> _Task prompt_: From the entries below, list each line with "three".

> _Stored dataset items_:
┄┄┄┄┄┄┄┄┄┄

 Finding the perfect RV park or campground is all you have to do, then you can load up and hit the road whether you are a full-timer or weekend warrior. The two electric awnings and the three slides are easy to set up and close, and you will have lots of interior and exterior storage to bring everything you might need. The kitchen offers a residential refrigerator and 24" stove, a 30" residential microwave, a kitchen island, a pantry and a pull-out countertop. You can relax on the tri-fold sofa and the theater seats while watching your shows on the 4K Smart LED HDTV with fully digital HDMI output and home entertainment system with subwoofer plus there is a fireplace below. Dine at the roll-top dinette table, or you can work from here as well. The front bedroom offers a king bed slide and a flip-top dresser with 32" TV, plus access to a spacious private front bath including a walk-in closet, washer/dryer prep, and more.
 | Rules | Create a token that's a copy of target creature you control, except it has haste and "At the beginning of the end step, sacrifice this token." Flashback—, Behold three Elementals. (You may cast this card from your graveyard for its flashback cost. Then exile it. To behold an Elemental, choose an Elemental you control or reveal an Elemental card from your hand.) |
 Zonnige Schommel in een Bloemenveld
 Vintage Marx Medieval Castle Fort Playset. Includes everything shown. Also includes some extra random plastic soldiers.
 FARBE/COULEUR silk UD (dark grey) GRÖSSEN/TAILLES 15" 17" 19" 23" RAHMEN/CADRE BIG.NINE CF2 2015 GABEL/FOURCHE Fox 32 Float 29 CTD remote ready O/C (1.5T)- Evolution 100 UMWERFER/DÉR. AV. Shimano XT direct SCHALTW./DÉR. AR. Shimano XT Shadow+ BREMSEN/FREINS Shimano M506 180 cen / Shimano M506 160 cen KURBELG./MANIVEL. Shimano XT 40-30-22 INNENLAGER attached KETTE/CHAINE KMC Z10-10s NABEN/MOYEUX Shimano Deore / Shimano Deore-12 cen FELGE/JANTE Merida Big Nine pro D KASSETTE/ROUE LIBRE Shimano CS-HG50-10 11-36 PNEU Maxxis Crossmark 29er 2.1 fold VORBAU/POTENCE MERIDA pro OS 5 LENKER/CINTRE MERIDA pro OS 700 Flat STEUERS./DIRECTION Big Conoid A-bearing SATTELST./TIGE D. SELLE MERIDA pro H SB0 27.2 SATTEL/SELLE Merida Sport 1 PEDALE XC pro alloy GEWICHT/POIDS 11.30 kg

┄┄┄┄┄┄┄┄┄┄

> _Solution_:
 Finding the perfect RV park or campground is all you have to do, then you can load up and hit the road whether you are a full-timer or weekend warrior. The two electric awnings and the three slides are easy to set up and close, and you will have lots of interior and exterior storage to bring everything you might need. The kitchen offers a residential refrigerator and 24" stove, a 30" residential microwave, a kitchen island, a pantry and a pull-out countertop. You can relax on the tri-fold sofa and the theater seats while watching your shows on the 4K Smart LED HDTV with fully digital HDMI output and home entertainment system with subwoofer plus there is a fireplace below. Dine at the roll-top dinette table, or you can work from here as well. The front bedroom offers a king bed slide and a flip-top dresser with 32" TV, plus access to a spacious private front bath including a walk-in closet, washer/dryer prep, and more.
 | Rules | Create a token that's a copy of target creature you control, except it has haste and "At the beginning of the end step, sacrifice this token." Flashback—, Behold three Elementals. (You may cast this card from your graveyard for its flashback cost. Then exile it. To behold an Elemental, choose an Elemental you control or reveal an Elemental card from your hand.) |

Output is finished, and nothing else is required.